Ni un solo hombre de esta obra poética se muestra a la altura de las circunstancias, demostrándole a Xiomara y haciendo que el lector (en el caso femenino) recuerde con dolor cómo descubrieron que no existen príncipes que vayan a salvarte. Que aquellos que se suponía que te amaban, no tienen por qué hacerlo siempre. 

Opinión de Poet X 

Las opiniones de Poet X en la red son muy dispares: están los que la aman (y no es para menos ya que la obra ha ganado una gran cantidad de premios literarios: uno seguido de otro) y los que la odian profundamente. Pero es que Poet X cuenta con un gran hándicap sobre el que alzarse: que se trata de poesía traducida. 

Es difícil traducir poesía. De hecho, muchos expertos afirman que es absolutamente imposible hacerlo sin ser un poeta, mientras que otros niegan rotundamente que la poesía deba de ser arrancada de su lengua materna. Y es que una de las principales críticas que recibe Poet X es que no rima. 

Aunque la poesía moderna no tiene por qué rimar para ser considerada poesía (en especial al estar redactado en forma de verso), sí que es cierto que la obra pierde algo de musicalidad al traducirse al castellano. Pero forzar la rima no habría sido tampoco una solución: Elizabeth Acevedo escribe desde la óptica de una joven de quince años, empleando palabras sencillas y potentes que no buscan la grandielocuencia lingüística. Es una joven que usaría la palabra “boca”, no “opérculo”, y que precisamente por la simplicidad de su expresión, no admite demasiadas modificaciones para forzar la rima. 

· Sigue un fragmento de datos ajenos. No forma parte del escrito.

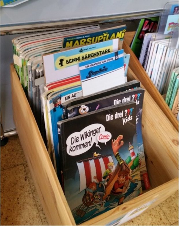 Elisabeth, 4b: Die Bibliothek, in der ich die Sozialwoche absolviere, öffnet erst um zehn Uhr, also konnte ich für einmal angenehm lange schlafen, bevor ich dorthin musste. Am Morgen, von 10-12 Uhr, wurde ich eingeführt und durfte auch schon bei der Katalogisierung und beim Einordnen von zurückgebrachten Büchern helfen. Am Nachmittag habe ich am Computer neue Beschriftungen für Comics gestaltet und dann in neue Trennwände eingefügt. Es war ziemlich entspannt und ich hoffe, dass es so weitergehen wird.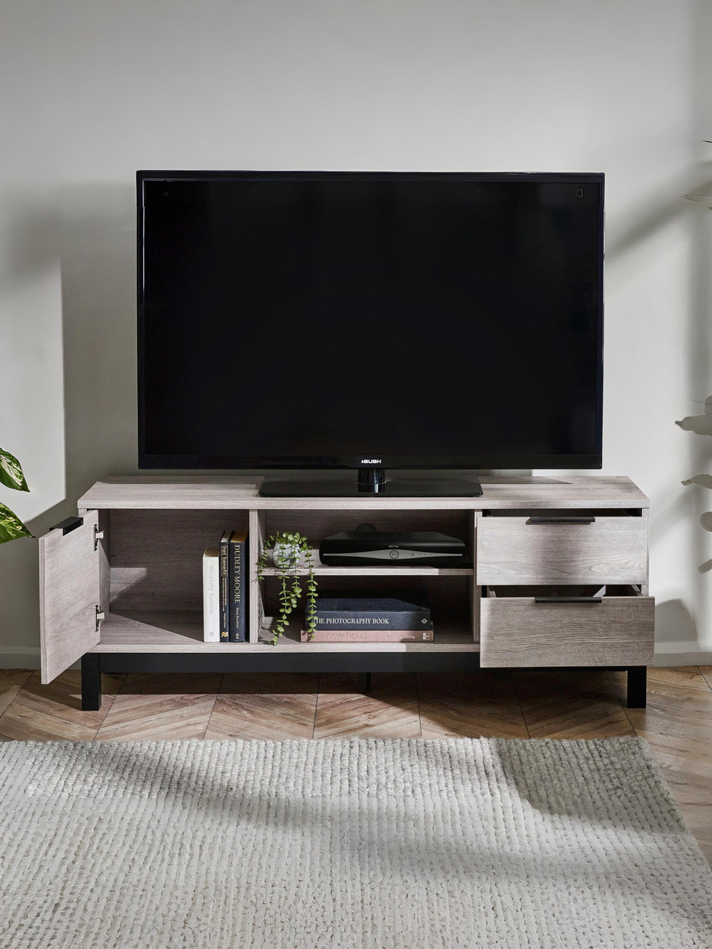 Discover the seamless blend of style and simplicity with the Bali TV Unit in Grey Oak. Crafted using revolutionary click furniture technology, this unit seamlessly combines high-quality craftsmanship with effortless assembly. The modern grey oak finish, complemented by contrasting black legs and handles, brings a classic industrial aesthetic to your living room. Featuring a spacious cupboard and two pull-out drawers for organised storage, along with center shelving for additional storage and display options.

Pero decir que Poet X es peor obra porque está traducida es como decir que la última película de Tarantino es peor porque está doblada. Para que no te pierdas la verdadera esencia de Acevedo, la edición de Puck incluye un poema en original y con su traducción en el inverso de la página, mostrando que aunque la rima de Acevedo es bastante libre, sí que existen versos que concuerden por fonética.

Personalmente prefiero las obras poéticas que incluyen la versión original de los poemas, aunque sea en pequeñito para poder comparar, pero con la cantidad de páginas que incluye Poet X, es normal que esta opción acabase disparando el grosor del tomo hasta hacerlo poco manejable. 

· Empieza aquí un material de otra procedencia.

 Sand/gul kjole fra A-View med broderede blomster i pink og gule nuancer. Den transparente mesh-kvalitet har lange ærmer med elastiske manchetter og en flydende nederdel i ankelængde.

No quiero hablar del final de la obra, que me pareció a la altura del principio (que no el intermedio): con una arranque violento y poderoso que hace que nos sintamos muy cerca del corazón de Xiomara, pero el libro cuenta con una historia algo arquetípica pero muy bien desarrollada que a mí, personalmente, me mantuvo en vilo los tres días que fui alargando su lectura para poder saborear mejor los versos de Xiomara. 

Y es que Poet X es una historia de crecimiento personal y superación. De cómo a veces es necesario quemar lo que más nos ancla para poder seguir hacia delante y de cómo debemos enfrentarnos a nuestros problemas y a nuestros miedos y conseguir encontrar un punto de acuerdo. Por eso y por la violencia de sus versos de inicio, no puedo más que recomendarla. Eso sí, siempre haciendo un apunte importante: esta obra poética es ideal para jóvenes adolescentes, siempre teniendo en cuenta que los poemas, aunque no rimen, siguen siendo poesía.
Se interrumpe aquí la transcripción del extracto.